Viking / Mariah Tiffany

The Brock Turner rape case was at the infection point of a series of social issues that now dominate today's headlines. It was the beginning of real discussions on white male privilege and sexual assault on college campuses, and helped inspire the #MeToo movement.

In 2016, Turner was found guilty of three counts of felony sexual assault for raping an unconscious woman behind a dumpster outside a fraternity house at Stanford University.

To protect her identity, she was referred to as "Emily Doe" in court proceedings, or "unconscious intoxicated woman" by the media.


Turner faced 14 years in prison, but the college swimmer only received six months from Judge Aaron Persky who said "a prison sentence would have a severe impact on him, I think he will not be a danger to others." As if prison time wouldn't have a "severe impact" on just about anyone.

It was widely presumed that Turner's lenient sentence was the result of white male privilege, resulting in voters recalling Persky from his position in 2018.

During the trial, "Emily Doe" wrote a powerful 12-page impact statement that revealed how the rape and its investigation upended her life.

"My life has been on hold for over a year, a year of anger, anguish and uncertainty, until a jury of my peers rendered a judgment that validated the injustices I had endured," she wrote.

RELATED: Brock Turner is now the textbook definition of the word 'rape'

She included painful details about how her body was handled by investigators.

"I had multiple swabs inserted into my vagina and anus, needles for shots, pills, had a Nikon pointed right into my spread legs.
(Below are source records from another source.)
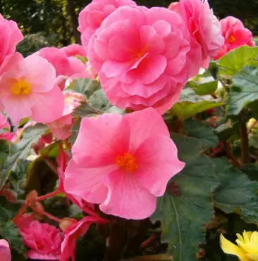 Opis: Begonija s polnimi rožnatimi cvetovi.
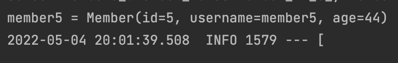 이후 다시 테스트를 실행하면 당음과 같이 member5의 나이가 44로 출력된다.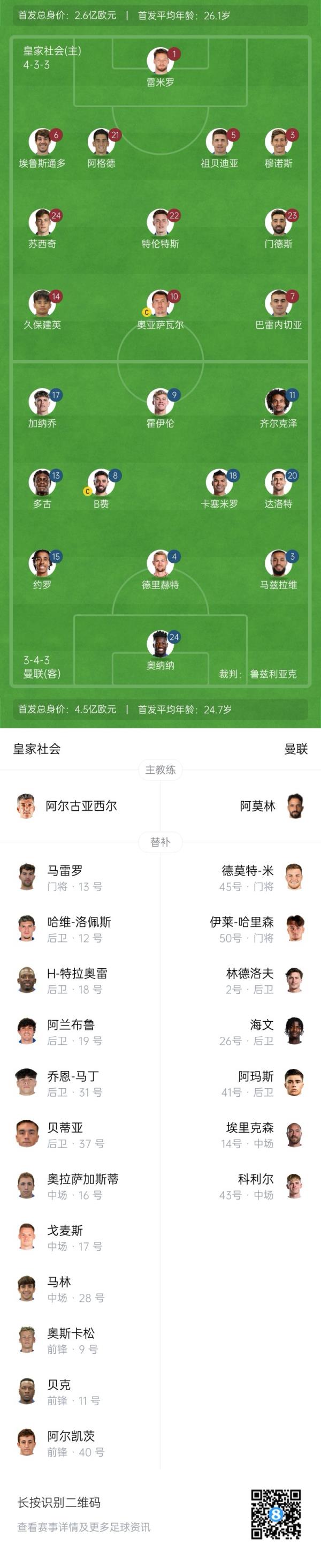 曼联首发:24-奥纳纳、3-马兹拉维、4-德里赫特、13-多古、15-约罗、20-达洛特、8-B费、18-卡塞米罗、9-霍伊伦、11-齐尔克泽、17-加纳乔
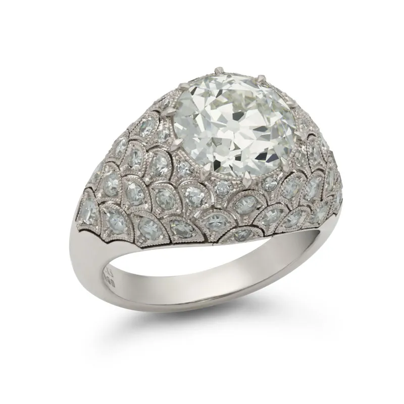 В 1940-х годах ювелиры представили объемные bombe rings (произносится как «бом-бей») с куполообразными силуэтами, инкрустированными бриллиантами, которые отражали скульптурную эстетику той эпохи. Название происходит от французского слова «bombé», означающего «округлый» или «выпуклый», что описывает мягко куполообразный профиль. Эти эффектные изделия отражали военную и послевоенную тягу к смелым, эффектным украшениям, которые выделялись, несмотря на материальные ограничения.

I had long, pointed beaks inside me and had my vagina smeared with cold, blue paint to check for abrasions," she wrote.

While taking a shower in the hospital, she felt terrified of her own body.

"I don't want my body anymore," she continued. "I was terrified of it. I didn't know what had been in it, if it had been contaminated, who had touched it. I wanted to take off my body like a jacket and leave it at the hospital with everything else."
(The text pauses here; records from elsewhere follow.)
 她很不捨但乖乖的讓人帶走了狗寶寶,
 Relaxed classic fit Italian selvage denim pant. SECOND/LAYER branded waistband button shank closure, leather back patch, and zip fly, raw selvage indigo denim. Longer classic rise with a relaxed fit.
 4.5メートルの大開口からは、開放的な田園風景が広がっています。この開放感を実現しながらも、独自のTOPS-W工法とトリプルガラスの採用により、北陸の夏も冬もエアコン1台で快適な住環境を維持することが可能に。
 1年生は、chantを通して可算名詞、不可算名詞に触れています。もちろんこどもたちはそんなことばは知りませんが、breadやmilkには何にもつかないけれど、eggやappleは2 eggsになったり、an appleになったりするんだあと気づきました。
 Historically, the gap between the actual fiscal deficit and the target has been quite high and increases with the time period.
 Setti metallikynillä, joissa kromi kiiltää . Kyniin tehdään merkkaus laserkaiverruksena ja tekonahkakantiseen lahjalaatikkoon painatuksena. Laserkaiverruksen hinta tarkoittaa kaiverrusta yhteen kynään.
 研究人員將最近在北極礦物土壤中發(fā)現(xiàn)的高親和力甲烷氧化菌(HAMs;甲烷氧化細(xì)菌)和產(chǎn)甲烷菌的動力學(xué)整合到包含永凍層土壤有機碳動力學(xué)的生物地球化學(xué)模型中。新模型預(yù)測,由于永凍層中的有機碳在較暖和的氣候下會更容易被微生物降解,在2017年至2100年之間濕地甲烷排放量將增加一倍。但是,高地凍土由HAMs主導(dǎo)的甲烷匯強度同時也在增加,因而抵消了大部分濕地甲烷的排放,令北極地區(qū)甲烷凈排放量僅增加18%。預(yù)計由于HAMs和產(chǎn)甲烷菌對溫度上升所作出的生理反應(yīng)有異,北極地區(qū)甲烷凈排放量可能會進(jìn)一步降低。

It's been over four years since the brutal rape and "Emily Doe" is ready to show the world that the strong woman behind the impact statement is Chanel Miller.
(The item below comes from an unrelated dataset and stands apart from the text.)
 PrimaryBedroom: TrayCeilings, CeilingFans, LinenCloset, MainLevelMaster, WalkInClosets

But she has a lot more to say. Miller's story was purchased by Viking and will be told in her upcoming memoir, "Know My Name."

"Her story illuminates a culture biased to protect perpetrators, indicts a criminal justice system designed to fail the most vulnerable, and, ultimately, shines with the courage required to move through suffering and live a full and beautiful life," the publisher describes her book.

"It was just obvious to me from the beginning what she had to say and how different it was and how extraordinarily well she was going to say it," Miller's editor, Andrea Schulz, told The New York Times. "She had the brain and the voice of a writer from the very beginning, even in that situation."

RELATED: The judge who sentenced Brock Turner to 6 months in jail has been recalled

The cover of the book is inspired by the Japanese art of kintsugi or "golden repair" where broken pottery is mended together by gold lacquer into something beautiful and new. Kintsugi artists treat breakage and repair as part of the history of an object, rather than something they're trying to hide.

"It is one of the most important books that I've ever published," Schulz continued, because of its ability to "change the culture that we live in and the assumptions we make about what survivors should be expected to go through to get justice."

"Know My Name" will be released on September 24.